Which is not to say every poem is breezy, happy, or even light, and thank editor Alexander for that. For as wonderful a premise, a human goal, as joy is, poetry needs a little tension, a little black with its blue, a point of contrast from which to rejoice, that we may feel the unexpected grace of a dark verse peeking from the petticoats of poems wrapped in sundrenched yellow cloaks, as in these lines from Cortney Lamar Charleston’s "I'm Rooting for Everybody Black:"

 

“Everybody Black is good peoples. Everybody Black been through

some things. Everybody Black don't get the credit they're due. I met

Everybody Black once and they were super chill and down-to-earth.

I believe in Everybody Black. There's something about Everybody Black.”

 

And Inua Ellams’ “Fuck / Time”:

 

“Once upon a time / Yo-Yo Ma / traveling through Botswana searching

for music / crosses a local shaman singing / into the savannah / He

rushes to notate the melody / Please Sing Again he requests / to which

che shaman sings something else and explains / to the baffled Yo-Yo Ma

that earlier / clouds had covered the sun and wild antelope grazed in the

distance / But the dial of the world had twirled since / The antelopes

had cantered into some other future / The clouds had gone / so the song

had to change / had to slough off the chains us mortals clasp everything

with / even our fluid wrists / The universe in fact is monstrously

indifferent to the presence of man / We are small as moth wing fall / in

an orchestra broad as galaxies / playing a symphony Time isn't bothered

to fathom / It respects no constant and is always moving on”

 

And poems of great emotional range by Tracy K. Smith, Terrance Hayes, Alice Walker, Willie Perdomo, Sheree Renee Thomas, Rita Dove, Camille T. Dungy, Ross Gay, Nicole Terez Dutton, Elizabeth Acevedo, truth thomas, Jacqueline Woodson, Amanda Gorman, Gregory Pardlo, Natasha Trethewey, Claudia Rankine, Morgan Parker, Abdul Ali, Sonia Sánchez, Safiya Sinclair, poet/editor Kwame Alexander, and Chris Slaughter, who brought his “Dear Barbershop” to this party:

 

“I come from you; every argument, debate and dare—

every hand-me-down bet that taught me to run

 

from nothing while fading the world down small enough

to doubt. No one else understands the gravity

 

in the way a chair turns after a fight, and blood stains

hair and hardwood floors. Music somehow tells the story”

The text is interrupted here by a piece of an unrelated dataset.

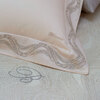 Copriletto matrimoniale liscio non trapuntato e non foderato, con sensuale motivo jacquard a onde e logo Blumarine in cristalli.

And that is another characteristic of This Is the Honey: And Anthology of Contemporary Black Poets. It is a long story set to music, a rich and jeweled history sung to the rhythm of the decades, each poet making a case for joy instead of, in spite of, after the fact, in forgiveness of what happened, in love that makes no sense, in wanton bodily freedom, the entire book, too, an effective argument for broadening our idea of Blackness, regardless of race or life experience, if only for the chance to enjoy the tenuous, sometimes excessively slow and dubious progress of humanity. Because even though it’s some kind of progress, this progress, though it’s some cheaply subtle and fickle progress, we should enjoy it, we deserve to enjoy it while we still can. Soon the pendulum will swing the other way again.